__Task statement__
Restate word for word the lines in the listing below, starting at the line containing "callautia 裾スリットリボン半袖透かし編みニット" and ending at the line containing "En samling af", both included; leave out the rest.

__Supplied material__
------

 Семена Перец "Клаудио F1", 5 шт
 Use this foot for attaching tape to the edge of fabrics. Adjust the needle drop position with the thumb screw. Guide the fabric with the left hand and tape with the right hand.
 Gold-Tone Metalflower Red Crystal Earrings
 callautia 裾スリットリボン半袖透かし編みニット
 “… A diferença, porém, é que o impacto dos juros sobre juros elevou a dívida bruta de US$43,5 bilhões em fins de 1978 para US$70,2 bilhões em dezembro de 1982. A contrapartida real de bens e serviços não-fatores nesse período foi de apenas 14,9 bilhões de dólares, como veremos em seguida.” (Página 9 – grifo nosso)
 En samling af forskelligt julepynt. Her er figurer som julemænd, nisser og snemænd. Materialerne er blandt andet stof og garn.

------

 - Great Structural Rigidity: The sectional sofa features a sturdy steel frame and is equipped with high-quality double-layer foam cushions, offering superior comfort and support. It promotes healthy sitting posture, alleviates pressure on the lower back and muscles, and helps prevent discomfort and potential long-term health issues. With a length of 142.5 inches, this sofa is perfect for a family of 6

------

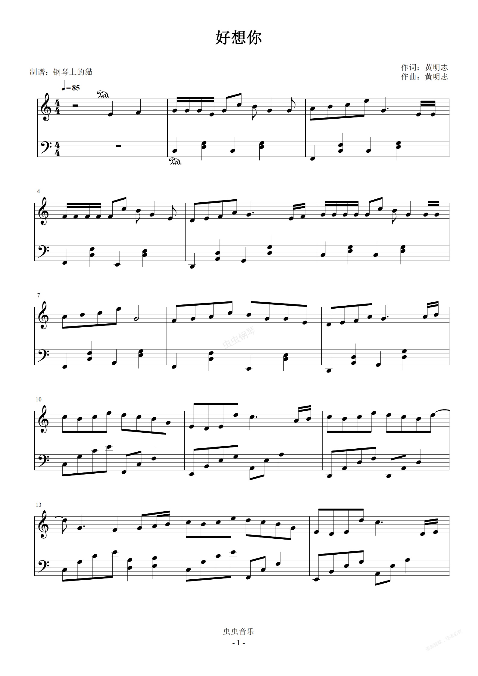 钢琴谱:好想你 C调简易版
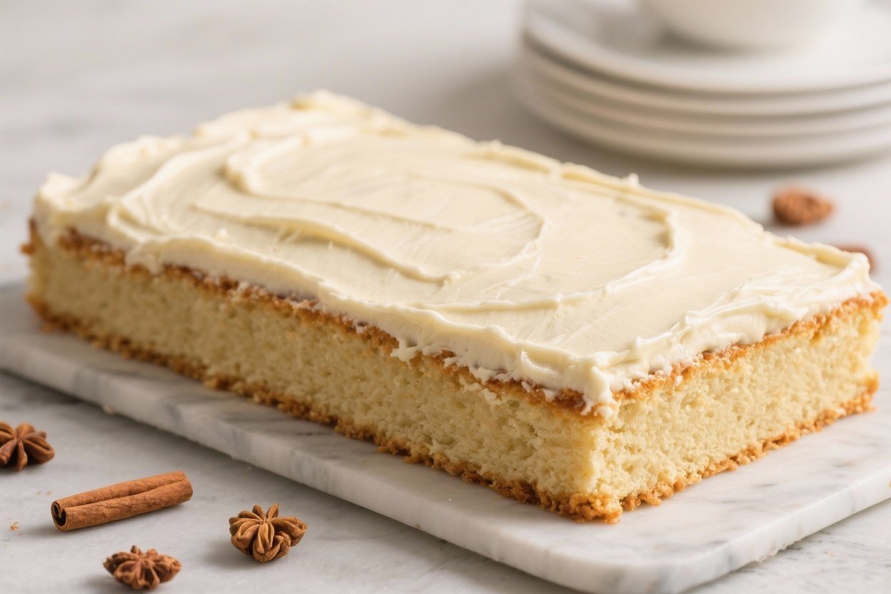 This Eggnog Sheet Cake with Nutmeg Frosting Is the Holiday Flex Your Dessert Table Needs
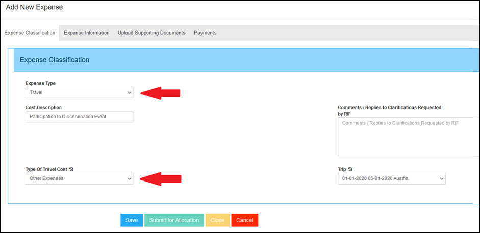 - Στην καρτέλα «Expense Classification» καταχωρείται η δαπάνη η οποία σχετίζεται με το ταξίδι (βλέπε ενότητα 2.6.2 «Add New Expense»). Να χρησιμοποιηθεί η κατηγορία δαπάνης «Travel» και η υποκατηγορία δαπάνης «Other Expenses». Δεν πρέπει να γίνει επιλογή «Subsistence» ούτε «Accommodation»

------

__Result__
 callautia 裾スリットリボン半袖透かし編みニット
 “… A diferença, porém, é que o impacto dos juros sobre juros elevou a dívida bruta de US$43,5 bilhões em fins de 1978 para US$70,2 bilhões em dezembro de 1982. A contrapartida real de bens e serviços não-fatores nesse período foi de apenas 14,9 bilhões de dólares, como veremos em seguida.” (Página 9 – grifo nosso)
 En samling af forskelligt julepynt. Her er figurer som julemænd, nisser og snemænd. Materialerne er blandt andet stof og garn.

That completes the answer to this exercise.